As I discussed in my eZine entitled “Onychomycosis: What Is It and How is it Diagnosed”, you should have no doubt about it - this is an infection and as such, should be treated with an anti-infective. Unfortunately, for too many of our colleagues, onychomycosis is just a condition to be seen in the office for a mechanical debridement as quickly as possible and as frequently as an insurance carrier permits. This debridement, although useful for reducing the thickness of the nail, making it less painful and improving the overall appearance, does nothing to actually treat the infection. For that, you need an antifungal agent.

It is generally accepted that the oral antifungal agents are the most effective treatments. Currently, there are three FDA-approved drugs for the treatment of onychomycosis. Griseofulvin is mostly of historic interest only, as it was not particularly efficacious, had to be taken for prolonged periods of time and had some bothersome adverse events. Itraconazole was the first of the “newer” generation drugs to be approved, followed about one year later by terbinafine. These drugs both represented a major advance over griseofulvin in that they could be given for shorter periods of time and are generally considered safer and more efficacious. With increasing evidence of lesser efficacy, a greater risk of drug-drug interactions and even a “black box” warning from the FDA, itraconazole, although still a useful and efficacious drug, eventually lost significant market share to terbinafine. With terbinafine now being available at many pharmacies for less than $20 for a three month course of therapy and its’ superior efficacy rates, it is somewhat surprising that the drug does not have more overall usage, especially for more severe cases of onychomycosis.

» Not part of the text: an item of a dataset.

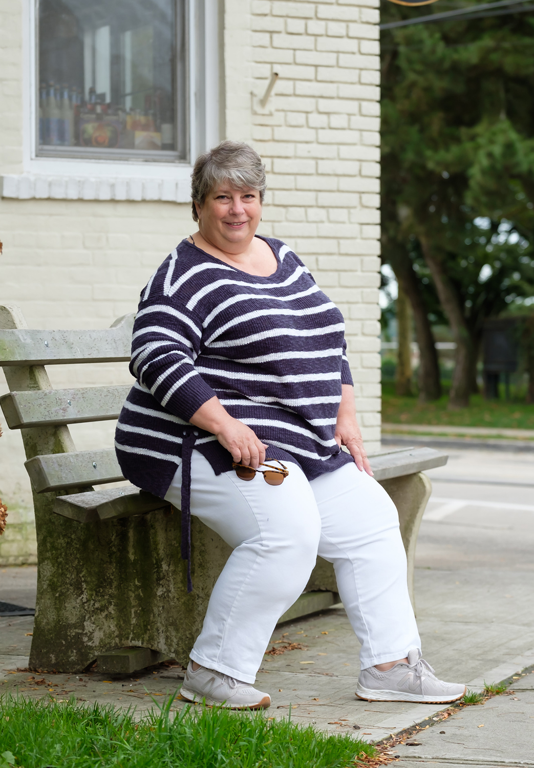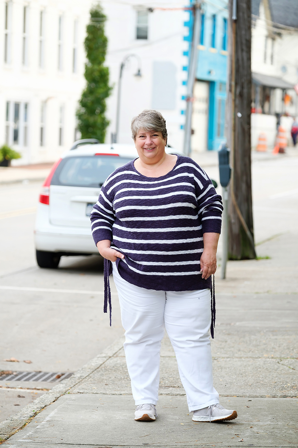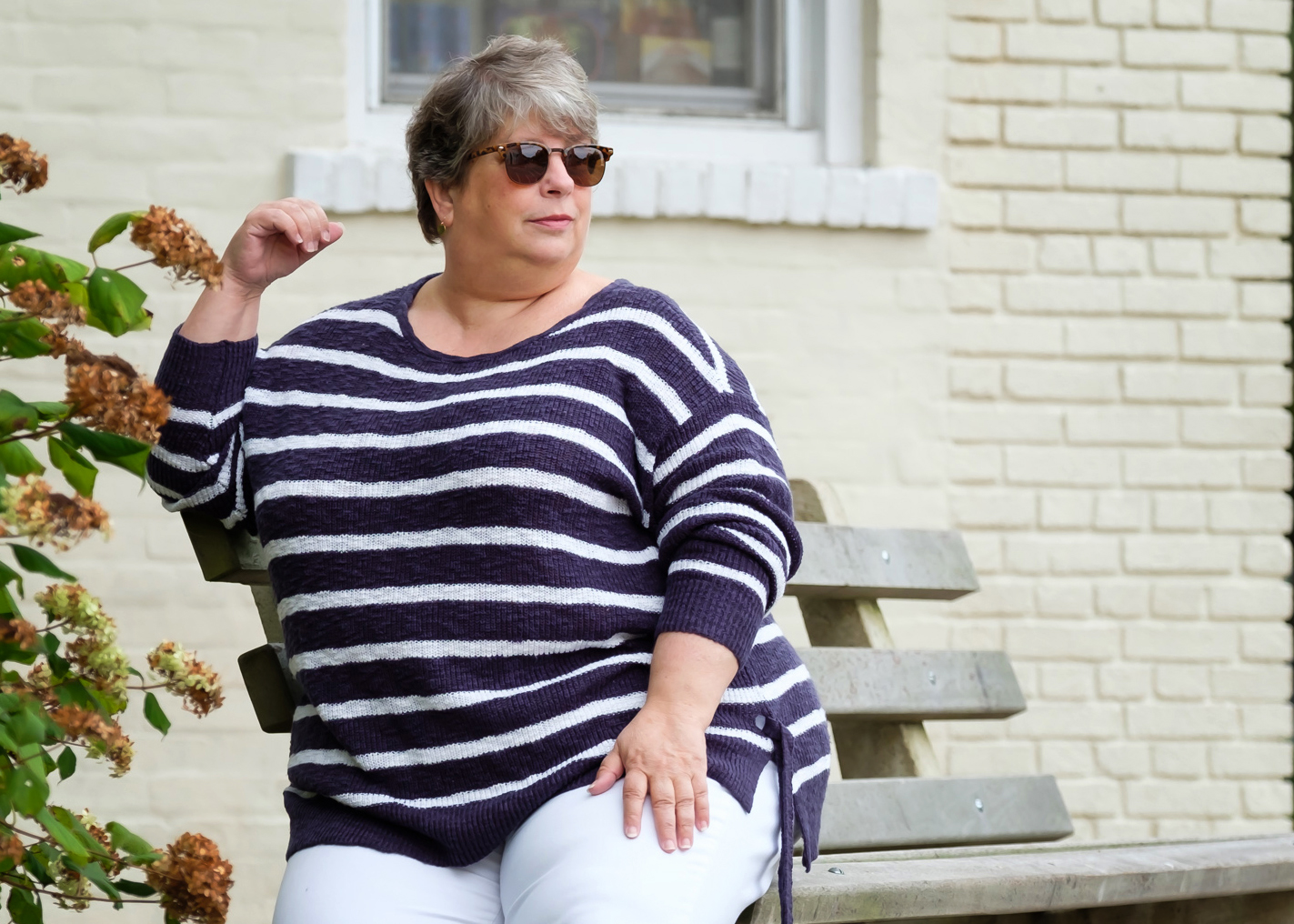- Caslon navy and white striped pullover, size 3x. No longer available, comparable here and here in plus size and here and here in straight size

Certainly, there can be hepatic toxicity with this drug, but all of the studies have shown this to occur at an extremely low incidence. Likewise, although there is no interaction between terbinafine and statins, many physicians assume that there is because of this interaction being seen with azole antifungals. Even when a physician wants to prescribe one of these drugs, the patient often refuses them based on something they heard or read “on-line”.

Due to the reluctance to use oral antifungal agents, there has been tremendous interest in the development of a topical antifungal that would still be effective without any of the “baggage” that comes with the orals. The first FDA approved oral agent was ciclopirox 8% lacquer, first approved in late 1999. As expected, because of the tremendous backlash against the orals and the pent up demand, this drug had an incredible first year or two. However, perceived low efficacy and a lacquer formulation that was troublesome for patients and physicians alike soon took its toll on sales.

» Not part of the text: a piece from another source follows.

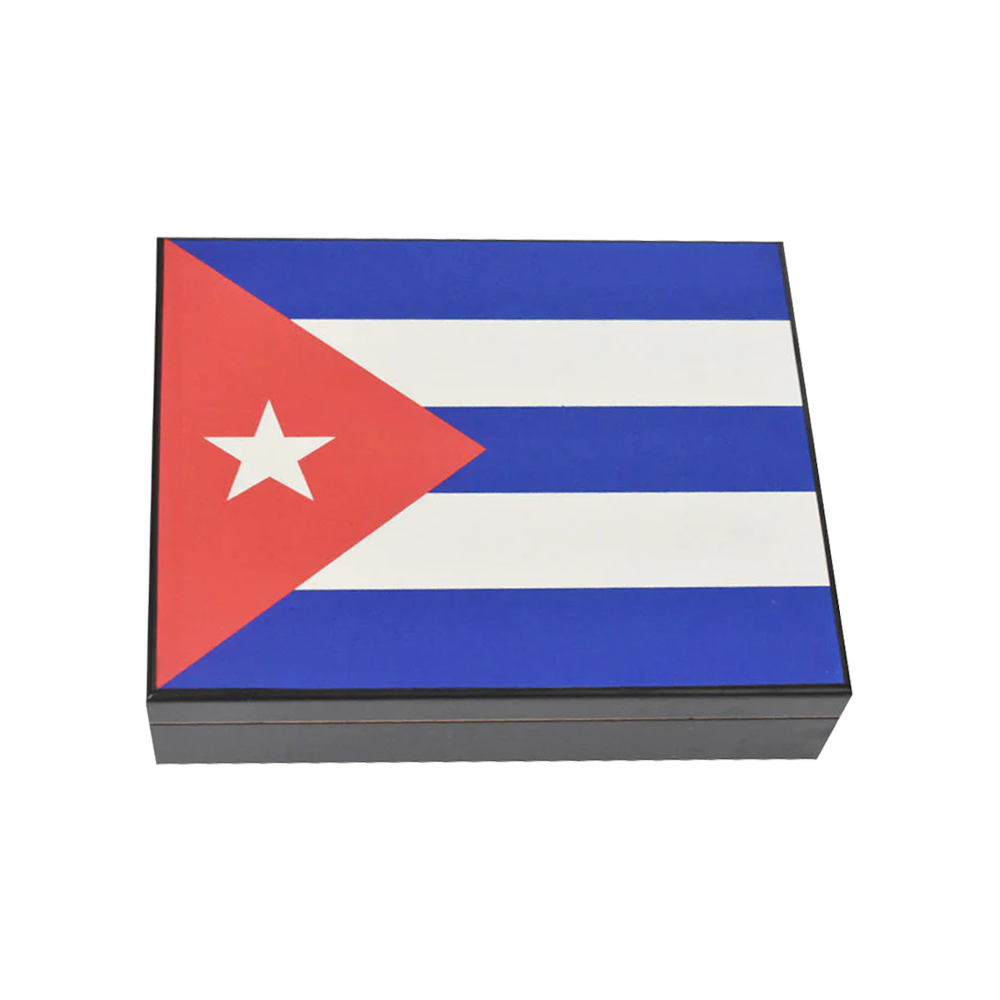 Get ready to up your cigar game with our 20 Stick Humidor, sporting the iconic Cuban flag design. It's the perfect starter humidor for any cigar aficionado. With room for about 20 cigars, it keeps them fresh and ready to smoke with precise humidity control. Compact and sturdy, it's ideal for home or on the go.
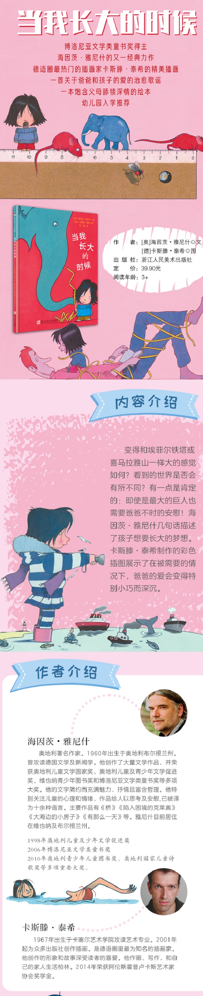 封面显示一个深色头发的小女孩手里拿着一把尺子,还有一个强大的大笨象的头。这就是这本图画书的重点:大小游戏。在越来越多的梦幻般的场景,还有之前多么伟大的事物,然后由女孩到父亲。海因茨·雅尼什用幽默来给这本书*终加冕。孩子们将被主题迷住了,并立即对此产生更大更多的想法。卡斯滕泰希的插图色彩丰富,使绘本乐趣无穷。——青少年图书馆

After an almost 15 year drought in new products, in the summer of 2014, two new topical agents were approved by the FDA; efinaconazole 10% solution and tavaborole 5% solution. Both of these drugs, being solutions and not lacquers, apply easily, the former with a brush and the later with a dropper, dry quickly and require no weekly removal. Furthermore, neither of the pivotal trials on which these drugs were FDA approved permitted debridement of the nail, although this certainly does not preclude the provider from performing the procedure. Theoretically, although never specifically studied, debridement may reduce the fungal load and thin the nail to permit even greater penetration of the drug to the site of the infection in the nail bed.

Efinaconazole, as with all azole antifungals, works by reducing ergosterol synthesis. Ergosterol is a necessary component of a healthy fungal cell wall. Tavaborole, an oxaborole, represents a new class of antifungal drug and works by inhibiting fungal protein synthesis.

Because both of these drugs are relatively new to the market, they are being promoted heavily. While there may be a tendency to want some sort of comparison of efficacy between the two, this is not currently possible, as they have never been studied in a head to head fashion. That would be the only “scientific” way to compare two drugs (I direct you to my eZine on onychomycosis clinical trial design). For now, it is up to the clinician to see what works best in their hands with their patient population.